In fact, a dramatic rise in tobacco exclusion screens is partly responsible for the growth in screened portfolios, according to SIF. Recent concerns about the impact of smoking on public health, marketing cigarettes to children, and evidence about health risks withheld by the tobacco industry have driven this divestment trend.

SIF also attributes much of the success of screened portfolios to their recent performance. The Domini 400 Social Index (DSI) and the Citizens Index, indexes designed to characterize the performance of socially screened securities from a broad range of industries, have both outperformed the S&P 500 on a total return basis since their inception (1990 and 1995, respectively). A recent report from Morningstar found that socially screened mutual funds are twice as likely as all mutual funds to get top five-star, as of June 30, 1999.

SIF also found that social investing has grown as a retirement plan alternative. A recent survey by Calvert Group, for instance, showed that 35 percent of mutual fund investors with defined contribution retirement plans at work said that their employer offers a socially screened investment option, more than double the 16 percent found in 1996.

Shareholder advocacy, or claiming rights of company ownership by sponsoring and voting on shareholder resolutions, is an increasingly productive venue for social investors, according to SIF. Between 1997 and 1999, the amount of money controlled by investors who are involved in shareholder advocacy rose from $736 billion to $922 billion, an increase of 25 percent.

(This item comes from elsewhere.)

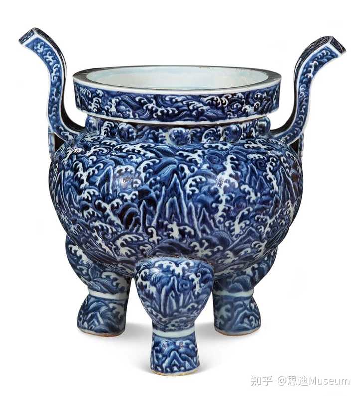 青花寿山福海纹炉上虽然没有书官窑款,但它不仅是明代宣德朝官窑瓷,而且是官窑瓷中的重要器物,炉高58厘米,造型仿青铜鼎。与一般白地蓝花的青花器不同,是蓝地白花,即以青花为地,白釉表现海浪。器物外壁满绘汹涌波涛,并在下腹部加绘山峦叠嶂,寓寿山福海之意。此炉集人文意蕴与高超的制瓷技术于一体,为明宣德官窑器中的黄钟大吕之作。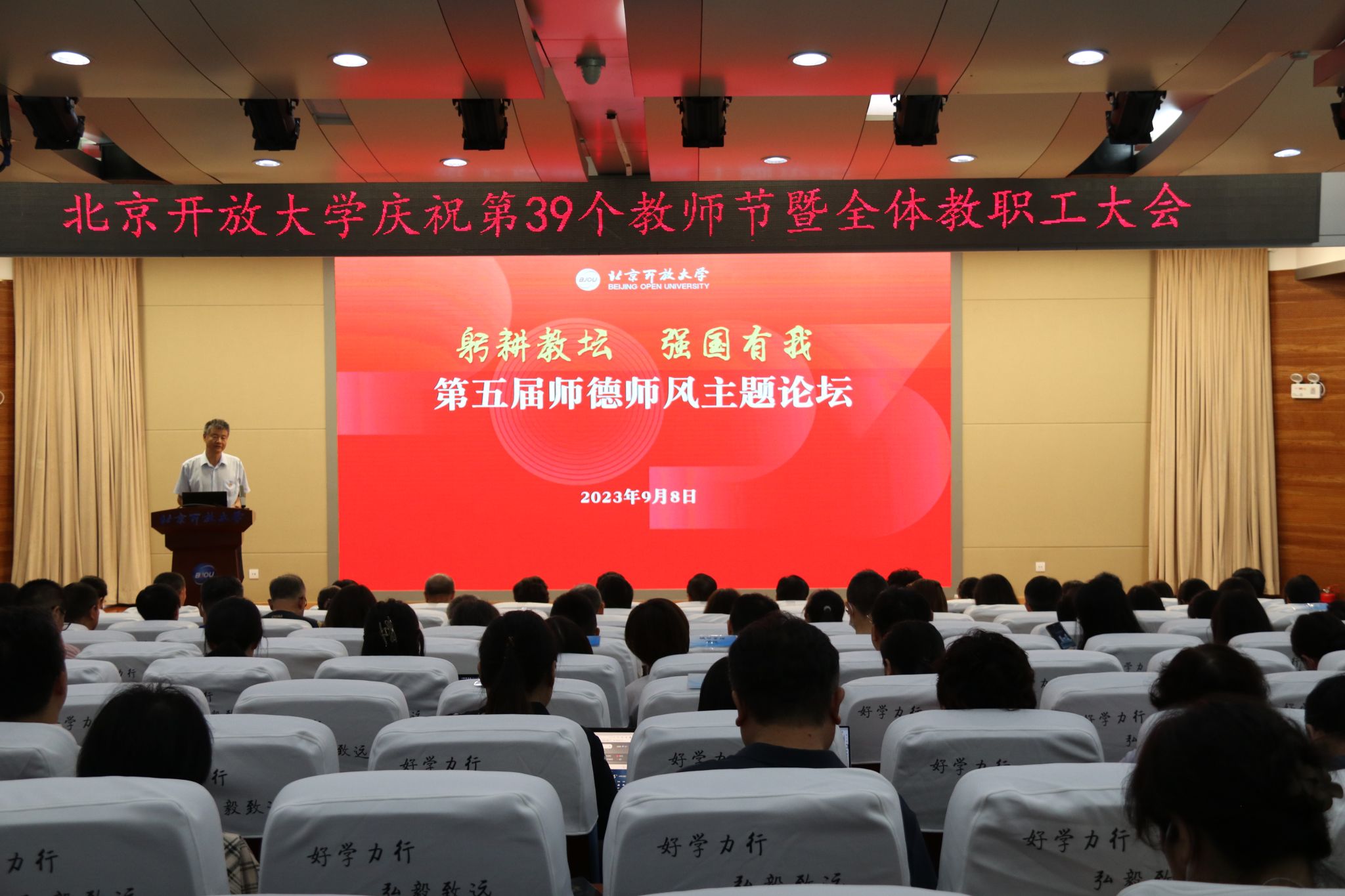 为深入学习贯彻习近平新时代中国特色社会主义思想、习近平总书记关于教育的重要论述,全面落实师德教育集中学习要求,发挥优秀教师示范引领作用,促进开放教育高质量发展,9月8日,在第39个教师节即将来临之际,学校举办了“躬耕教坛,强国有我”第五届师德师风主题论坛暨教师节表彰大会。全体校领导、全体教职工参加了会议。会议由副校长王想年主持。

While this figure for shareholder activism is remarkable, and makes up nearly half the $2 trillion total quoted by SIF, only a fraction of that $922 billion is actually wielded in the form of resolutions and proxy votes. Still, an impressive 120 institutions and mutual fund families have used the power of their ownership positions in publicly held companies to sponsor resolutions or vote their proxies on corporate social responsibility issues.

SIF found that the fastest growing component of socially responsible investing is the growth of portfolios that employ both screening and shareholder advocacy to encourage corporate responsibility. Assets in portfolios utilizing both strategies grew 215 percent, from $84 billion in 1997 to $265 billion in 1999.

Community investing, the investment of critically important capital in community development banks, credit unions, loan funds, and venture capital funds, grew by 35 percent, according to SIF. Assets held and invested by these community development financial institutions (CDFIs), focusing on local urban and rural development, affordable housing, and small business lending, totaled $5.4 billion, up from $4 billion in 1997.

"The clear message from this data is that socially responsible investing is now firmly on a path of steady growth," said Schueth, "thanks to a growing acceptance of social investment as a viable and value-added approach to asset management."

Several recent trends, including strong performance, divestment from tobacco stocks, and increased social investment by retirement and pension plans, have contributed to the impressive growth of socially responsible investing in the past two years. Social investors can hope that this growth represents greater prospects for bringing corporate responsibility and accountability to the forefront.